-- DATA FOR THIS TASK follows --
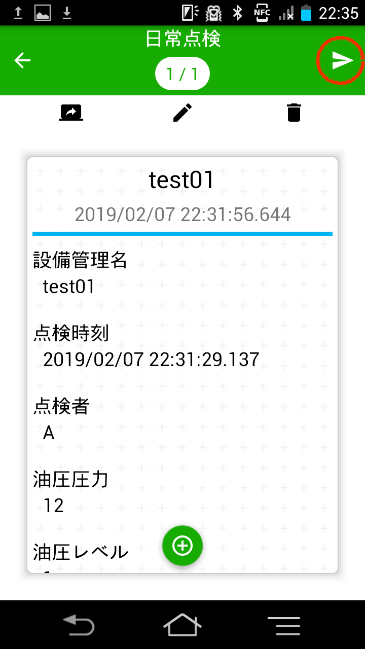 FormeCollector.xlsm設定のために、Androidアプリ Formeに作成したフォームに仮のデータを入力してください。 データ入力後、赤丸内の飛行機マークで共有画面に移動します。
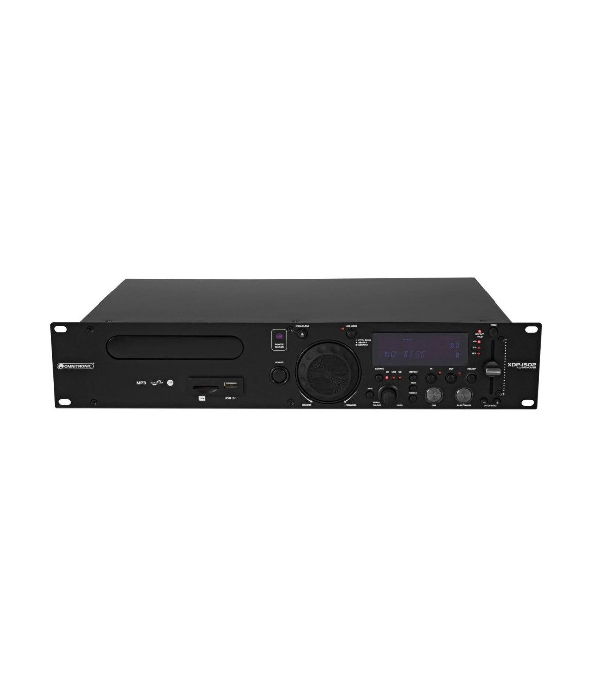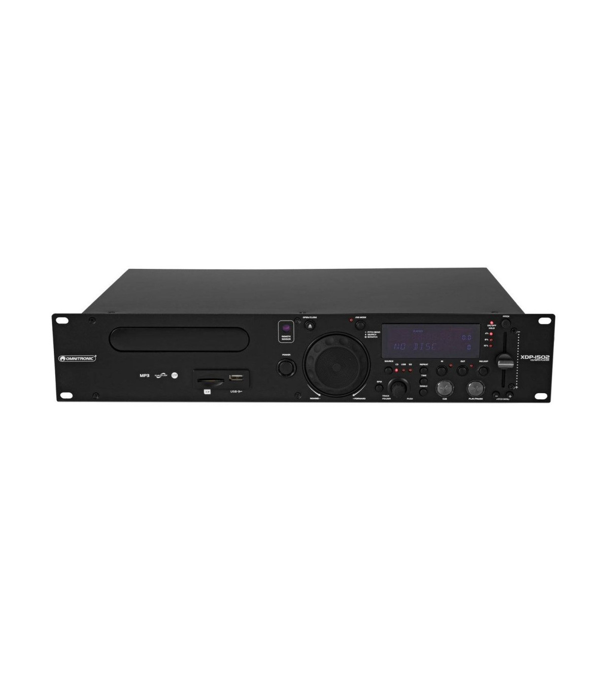 L'OMNITRONIC XDP-1502 è un lettore CD/MP3 che occupa solo 2 unità di rack in altezza, ma è dotato di funzioni intuitive quali il controllo del pitch, il beat matching e i loop senza interruzioni. riproduce CD audio, CD-R e CD MP3 e offre le connessioni necessarie per supporti USB e SD fino a 64 GB.
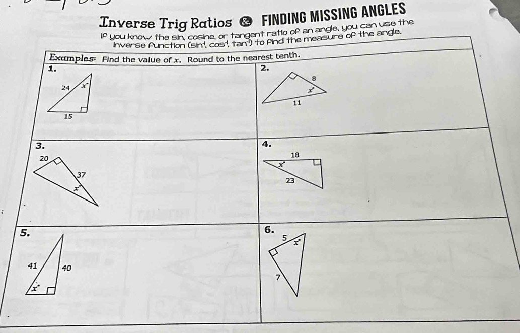 Solved: Inverse Trig Ratios FINDING MISSING ANGLES of an angle you
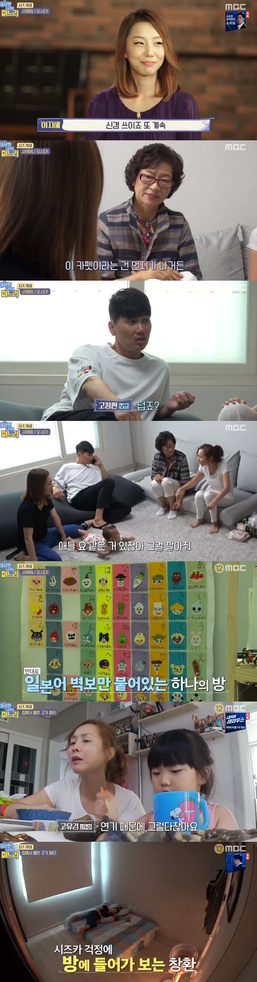 시어머니가 거실의 카펫을 보고 "카펫이 아이한테 너무 안 좋아. 아이들이 엎드리고 그럴 때 건강에 너무 안 좋다. 그러니까 카펫을 걷는 게 좋을 것 같다. 카펫은 먼지가 많이 난다"고 조언했다.
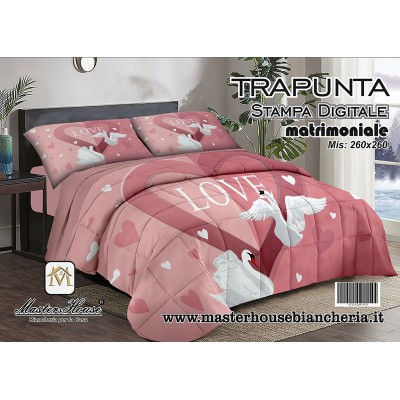 Immergiti nell'essenza dell'amore e della serenità con la nostra trapunta matrimoniale, un simbolo di affetto eterno rappresentato da cigni che si specchiano formando un cuore, sotto la dolce scritta "Love". Questa trapunta, di dimensioni generose 260x260 cm, è perfetta per abbellire il tuo letto matrimoniale, offrendo calore e comfort durante le notti più fresche. La stampa digitale di alta qualità assicura che i dettagli delicati e i colori vivaci restino vividi nel tempo, trasformando la tua camera da letto in un rifugio d'amore. Disponibile in vari colori, puoi scegliere il tono che meglio si adatta al tuo stile personale o all'arredamento della tua stanza.
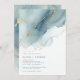 Una plantilla de invitación a bodas con temática playera que presenta una escena acuarela abstracta pintada de una playa y olas con efecto de tinta dorada (el oro es un efecto digital, ¡no un Relieve metalizado real!) y tipografía moderna en verde azulado. Elegante y elegante, sencillo y moderno, es una opción agradable para una boda playera en cualquier temporada, para una pareja moderna.
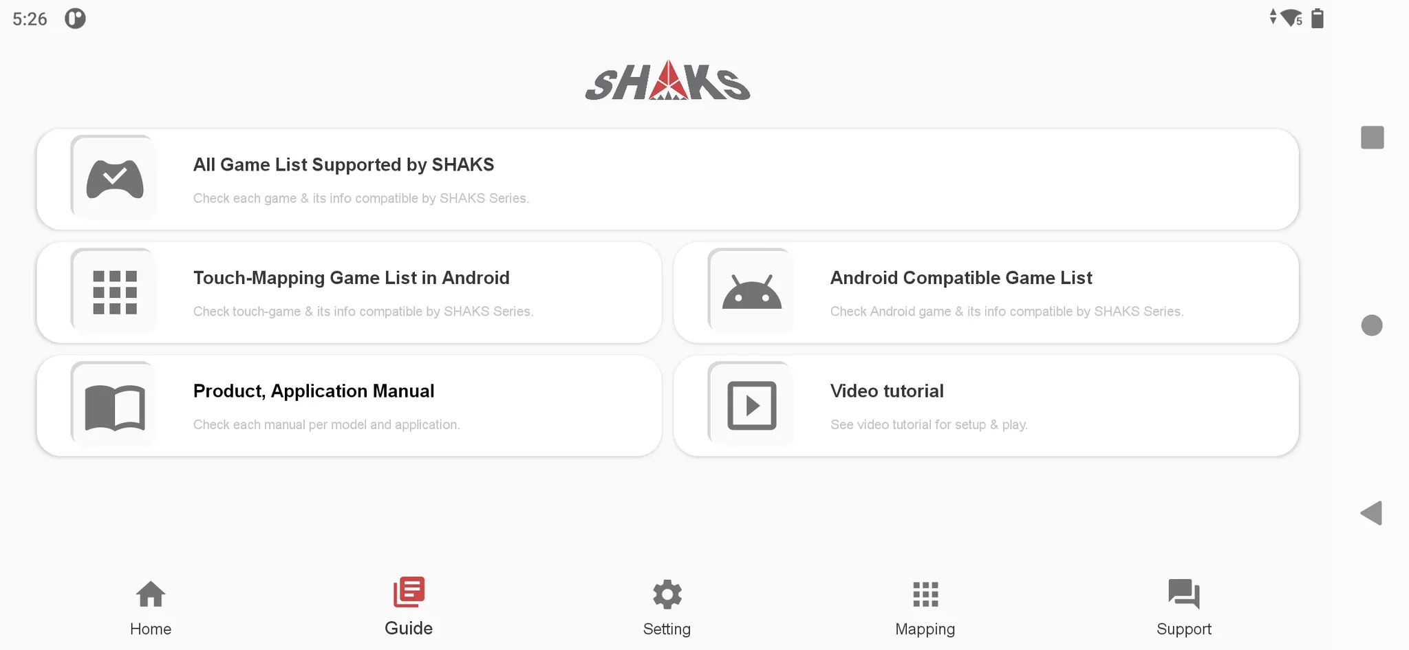 Also, it provides a compatible game list, its playing tips, manual, tutorials.  Please note that SHAKS has different application per each OS, and its feature is different each other according to OS & device.
-- DATA FOR THIS TASK concluded --
> **EXERCISE PROMPT**: The lines above from the line with "Solved: Inverse Trig" through the line with "시어머니가 거실의 카펫을" are to be given again word for word, with no pictures among them.

> **RESULT OF THE EXERCISE**:
 Solved: Inverse Trig Ratios FINDING MISSING ANGLES of an angle you
 시어머니가 거실의 카펫을 보고 "카펫이 아이한테 너무 안 좋아. 아이들이 엎드리고 그럴 때 건강에 너무 안 좋다. 그러니까 카펫을 걷는 게 좋을 것 같다. 카펫은 먼지가 많이 난다"고 조언했다.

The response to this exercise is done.